We need my boys to be independent and we're doing as much as possible to get them there. I, too, am not perfect and wish I had some other quality I might be lacking. But I am who I am and don't want to live with regret should I kick my sons out again and have them die from an overdose or lack of care for their mental illness.

We all do the best we can with what we have at any given time. Housing costs are horrendous for someone making less then $12/Hr, or someone on disability of $750/month. They can't afford health insurance, let alone methadone treatment for an opiate addiction which is what my older son suffers with. It does leave the extended family to help fill in the gaps if they can and are willing.

I can. I'm willing. I love my children.

 

Mitchell

Mitchell

REALLY? WHO ELSE WILL DO IT? by Kecia Bolken Speck

My hands are shaking as I type this.

Update. My son is an inpatient and willingly taking Abilify orally. It's been several days now and he's responding really well to it. Although he continues to have disorganized speech and some delusional thinking, he no longer wants to make me cry and feel pain.

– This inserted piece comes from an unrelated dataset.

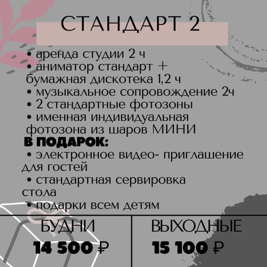 Стандарт- программа для детей, рассчитанная на 2 часа аренды, с различным наполнением, дополнительными услугами и оформлением. Дополнительно предлагаем бонусы, которые могут быть только в Пин Ап видео-приглашение, сервировка стола, подарки всем гостям (детям), подарки имениннику и др.

I am so strong during the hard parts. Now that the "worst" is over, for now, I am falling apart. All of those same feelings from the very beginning of this nightmare six years ago are coming back. Some of you know them so well. This is the time, today, right this minute, that I really should have a doctor appointment for myself. It seems that my doctor sees me hold it together so often and for so long that he doesn't think that I need help. Compliments from everyone all the time - "I don't know how you do it." "I'm not as strong as you." "I couldn't do it." 

Really? Because who else will do it? For now, I'm going to stay in my pajamas, drink my coffee, and cry and mourn the loss of my son. And the loss of myself.

Kecia

Kecia

I'M NEVER CALLING THE CRISIS TEAM OR THE POLICE AGAIN by Kecia Bolken Speck

Oh my goodness!  I'm never calling the crisis team or the police again.

This morning my son had a really, really rough time. He was calling and texting me, his grandma, his psych doc, and several members of the ACT team ( all the people who are supposed to be supporting him and who we tell him to call if he is in distress).

He was distraught because he believes that I, his mom, killed somebody in 1984. He texted me and said, "You need to cry and feel pain." So I was advised by the ACT team to call the crisis number and to have the police do a well check on him. The police said that they were really busy today but that they would try to get to him tomorrow. They did, however, advise me not to go near him. 

The crisis team said that because nobody's seen a weapon, and because my son didn't actually threaten me or threaten to harm himself (well not today but yesterday he did), that they would document my call but there was nothing else they could do.

Now the ACT team has called and they're too scared to take meds to my severely mentally ill son. They're going to scale back on their assistance until they feel safer sending workers to his apartment.

So my son has to go without meds during his delusional psychotic breakdown? Who will take his insulin shot to him? The police have advised me not to have contact with him. What now? My poor son's distraught and will not get his meds.